I love logic so here’s a simple equation:
P1. The price of a good or service is inversely proportional to quantity demanded
P2. The price in the racing industry is the price of your bet, which is takeout
C. Increasing takeout will decrease wagering
For years the racing industry has acted as though takeout has minimal effect on demand. In other words the pie is fixed. In the past this would have been fairly true, because another influencer of demand is the price and availability of substitutes. Nowadays however, access to poker and sports betting is as simple as turning on your computer. The price of poker: 5%. (And you can even get a rebate on that.)
The racing industry talks in terms of takeout and customers, but it’s often as if they’re not even connected. If Betfair moves to a country and lowers the price, it not only results in more customers, but means an existing customer’s wagering dollar lasts longer. Getting hung up over a reduced price and not taking into account an increase in demand makes no sense.
And for those that say that most horseplayers don’t know or care about takeout, here’s this from CanGamble:
Horseplayers, like all gamblers realize when they come home with less money or more money.

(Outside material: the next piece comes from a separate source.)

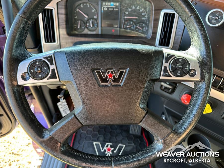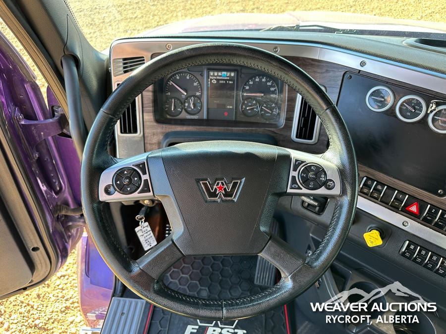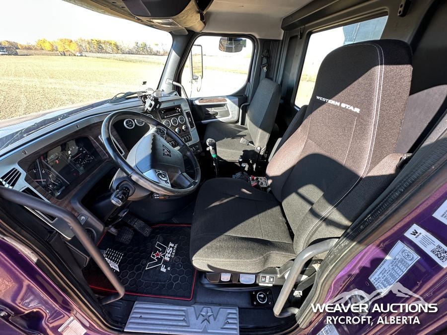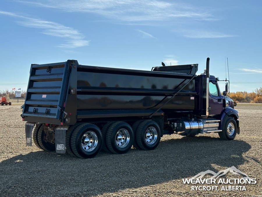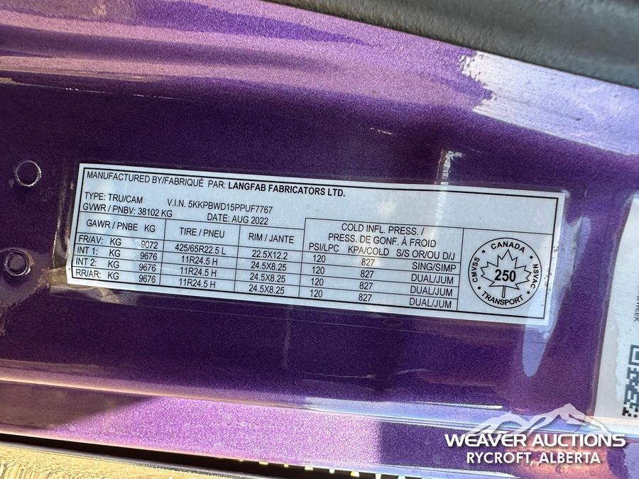 Specifications: DETROIT DD16 600 HP ENGINE, US EPA LABEL, REQUIRES DIESEL EXHAUST FLUID, 3,350 HRS. ENGINE HRS, AIR CONDITIONER, CRUISE CONTROL, POWER WINDOWS, ENGINE BRAKE, DIFFERENTIAL LOCK, 20000 LB FRONT AXLE, MERITOR RZ-69-166 REARS, 4.30:1 AXLE RATIO, 86000 LB GVWR, AIR RIDE CAB, ALUMINUM WHEELS, 425/65R22.5 FRONT TIRES, 11R22.5 REAR TIRES, DUAL STEERING BOXES, AIR RIDE SUSPENSION, 267 IN WHEELBASE, PTO, 2023 LANGFAB 21 FT. LONG X 65 IN. HIGH BODY, STEEL DUMP BODY, VIBRATOR BOX, ELECTRIC ROLL TARP, REAR HYDRAULICS, PINTLE HITCH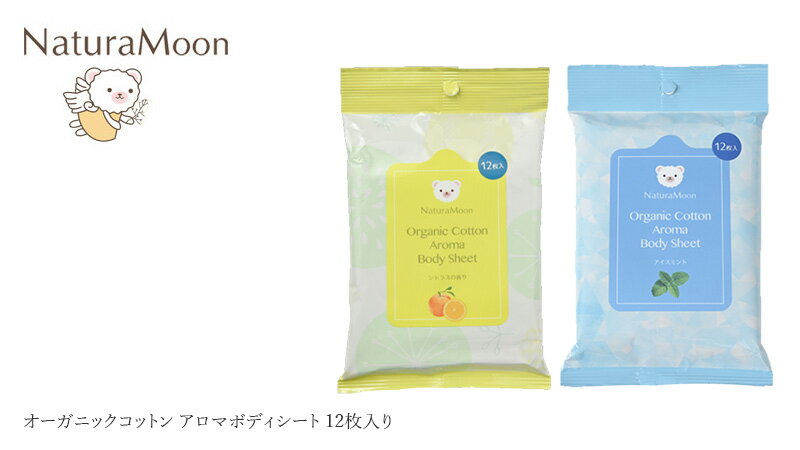 ボディシート ナチュラムーン オーガニックコットン アロマボディシート 12枚入り シトラス アイスミント 厚手 大判 ボディ用ウェットシート 購入金額別特典あり オーガニック 正規品 天然由来成分100% 界面活性剤・鉱物油・合成香料・防腐剤不使用 汗拭き 天然精油

Lower the takeout, and bettors will come home with more money more often. This will be less discouraging than it is today with takeouts that average around 21% in the industry.
Lowering takeout allows bettors to last longer, and their desire to come back more often and play more often will increase.
If that increases, the likelihood that they expose friends, family, and/or coworkers to horse racing greatly increases.
This post isn’t saying lowering takeout or letting Betfair into new markets will be racing’s savior. Simply that the current attitude (looking at racing in terms of fixed revenue) is flawed.
Jules Boven is the Marketing Manager for Harnesslink and also runs a search engine marketing firm
There once was a caveman named Bobo. He lived inland and hunted Caribou. One day he had extra Caribou meat and his wife said "why don't you trade it for some fish, Bobo". Bobo thought it was a good idea, so he went to the village by the sea with his caribou steak to see if he could get some fish.
At the sea he traded his Caribou steak for three nice fish. He brought them home and his family ate the fish. "Way to go Bobo" they said, "but we have four people in our family, you should have got four fish!" Bobo was sad.
The next day Bobo decided that he would take more Caribou to the sea and get four fish. He traveled.
He found when he was there that everyone wanted to pay three fish for his steak and they would not give him four. Bobo went home with no fish.
He never went back to the sea to get fish and he blamed it on the economy.
Bobo's decendants are currently racetrack executives in North America.
And that is the story of Bobo.
Great story! Should be a post in itself, illustrates the point far better than I, thanks.
Steve was a Vegas regular. Horizontals were his game with a daily in the $20k range. He had pics as many as 30 & 40 x's. Steve is famous around town for the toughest beat in racing history. Alive with the only 2 covered in the last leg of a SA carryover ($8 million), he was 1, 2 at the 1/8 pole, the next horse another 6 back. The horse in front snapped. You can guess the rest. Steve has been gone for over a year. Some say his opinion wasn't tight enough. Others, obviously, think it was the slice. He hated drugs; felt the stewards were incompetent and knew plenty about what actually happens under the surface. He was most certainly not compulsive and owned a successful business; it was all about $ for him. How can racing get him back? Shouldn't there be a limo out front every day?
The horseplayers' pie isn't the only one being stressed. Take a look at what's happening in Delaware with their casino operations and this is BEFORE Pennsylvania gets table games and Maryland gets their casinos.
As I've said before, "When everybody has slots it will be like when nobody had slots." Ultimately, the game needs to survive on its own, for its own, and to do that it needs to give its customers a better deal than they're getting today. If racing execs think 2009 is bad, wait until this time next year.